| Activity |
Copy exactly the stretch of data below from the line with "3、在弹出的对话框中,利用小" through the line with "소녀 청바지 기모 가을과", including both of those lines.
-- Given records follows --
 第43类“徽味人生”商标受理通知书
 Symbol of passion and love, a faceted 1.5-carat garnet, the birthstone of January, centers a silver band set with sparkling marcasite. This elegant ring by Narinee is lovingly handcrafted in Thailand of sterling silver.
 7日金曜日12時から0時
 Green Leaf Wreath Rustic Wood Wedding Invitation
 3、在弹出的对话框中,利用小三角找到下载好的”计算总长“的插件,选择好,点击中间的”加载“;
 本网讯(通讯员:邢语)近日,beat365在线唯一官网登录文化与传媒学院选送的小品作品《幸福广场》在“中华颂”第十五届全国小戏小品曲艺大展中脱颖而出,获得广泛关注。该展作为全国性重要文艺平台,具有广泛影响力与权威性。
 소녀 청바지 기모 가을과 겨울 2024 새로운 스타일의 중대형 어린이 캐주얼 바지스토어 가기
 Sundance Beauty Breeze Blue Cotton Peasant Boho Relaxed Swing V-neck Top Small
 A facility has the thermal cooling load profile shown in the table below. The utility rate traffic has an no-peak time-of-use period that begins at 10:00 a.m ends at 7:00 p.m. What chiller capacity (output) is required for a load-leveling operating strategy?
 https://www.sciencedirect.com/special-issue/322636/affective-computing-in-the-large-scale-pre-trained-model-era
-- Given records concluded --
-- Given records follows --
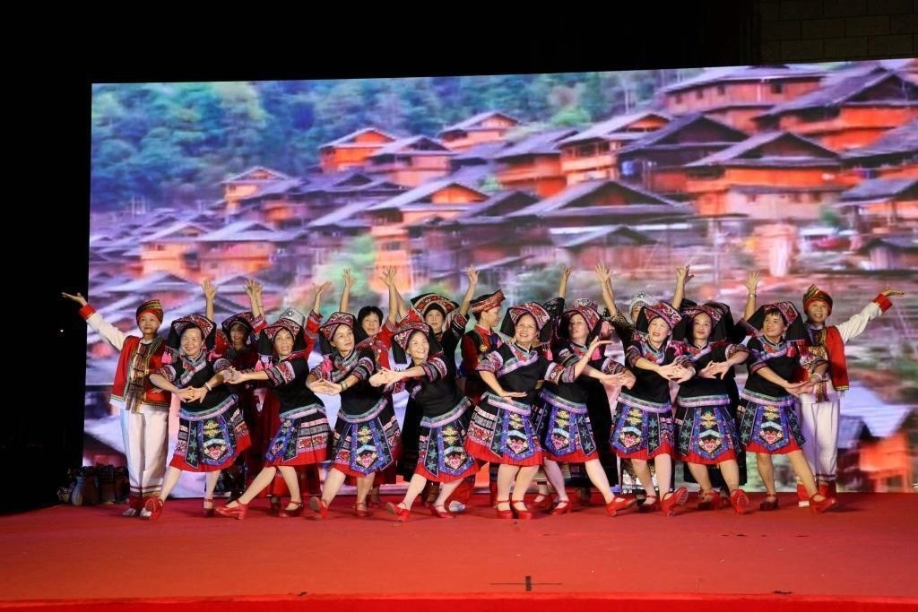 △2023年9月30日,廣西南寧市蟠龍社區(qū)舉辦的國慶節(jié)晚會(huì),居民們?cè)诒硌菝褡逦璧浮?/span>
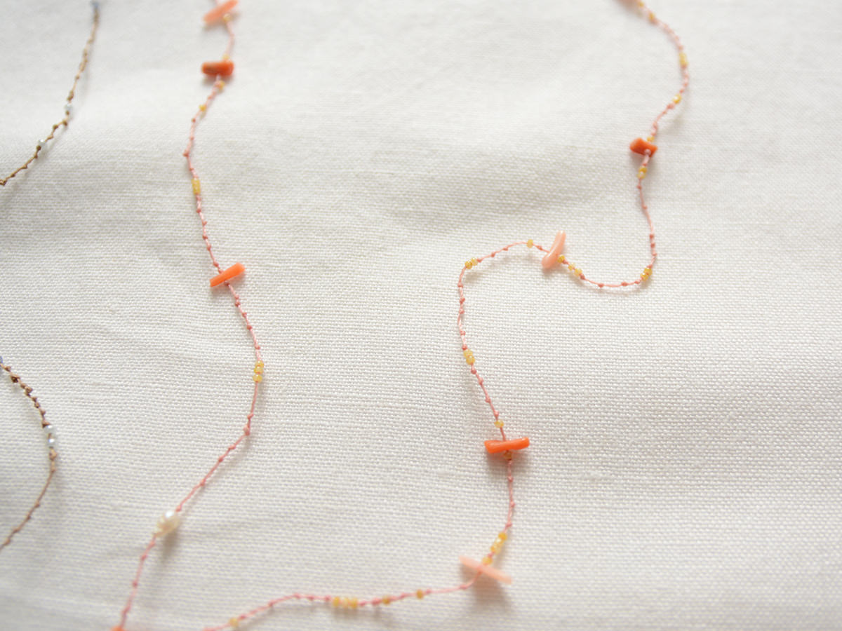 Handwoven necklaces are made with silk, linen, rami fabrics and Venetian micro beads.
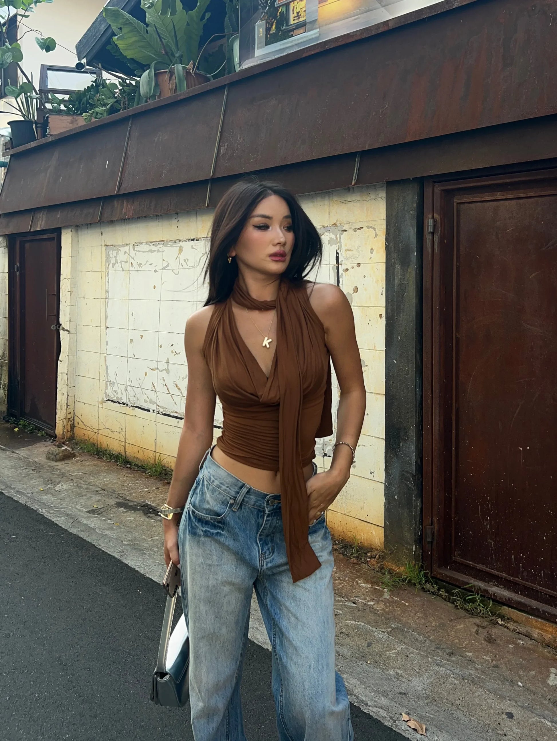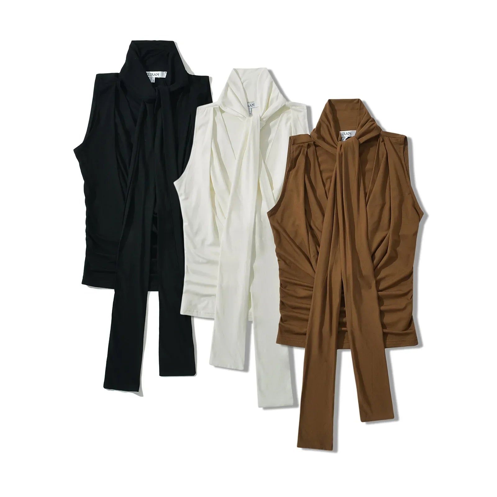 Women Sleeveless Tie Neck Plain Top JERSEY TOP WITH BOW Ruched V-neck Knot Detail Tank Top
-- Given records concluded --
-- Given records follows --
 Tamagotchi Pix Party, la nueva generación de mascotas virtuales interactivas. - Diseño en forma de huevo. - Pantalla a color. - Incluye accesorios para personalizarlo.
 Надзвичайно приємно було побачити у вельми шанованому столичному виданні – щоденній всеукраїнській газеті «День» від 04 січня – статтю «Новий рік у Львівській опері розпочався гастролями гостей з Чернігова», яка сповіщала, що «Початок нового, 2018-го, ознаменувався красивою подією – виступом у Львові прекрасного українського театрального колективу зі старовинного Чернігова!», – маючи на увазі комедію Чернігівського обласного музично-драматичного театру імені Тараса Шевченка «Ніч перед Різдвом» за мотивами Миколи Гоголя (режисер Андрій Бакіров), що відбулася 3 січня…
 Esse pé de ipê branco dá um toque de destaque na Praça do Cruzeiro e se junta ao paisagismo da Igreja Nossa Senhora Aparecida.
-- Given records concluded --
| Output |
 3、在弹出的对话框中,利用小三角找到下载好的”计算总长“的插件,选择好,点击中间的”加载“;
 本网讯(通讯员:邢语)近日,beat365在线唯一官网登录文化与传媒学院选送的小品作品《幸福广场》在“中华颂”第十五届全国小戏小品曲艺大展中脱颖而出,获得广泛关注。该展作为全国性重要文艺平台,具有广泛影响力与权威性。
 소녀 청바지 기모 가을과 겨울 2024 새로운 스타일의 중대형 어린이 캐주얼 바지스토어 가기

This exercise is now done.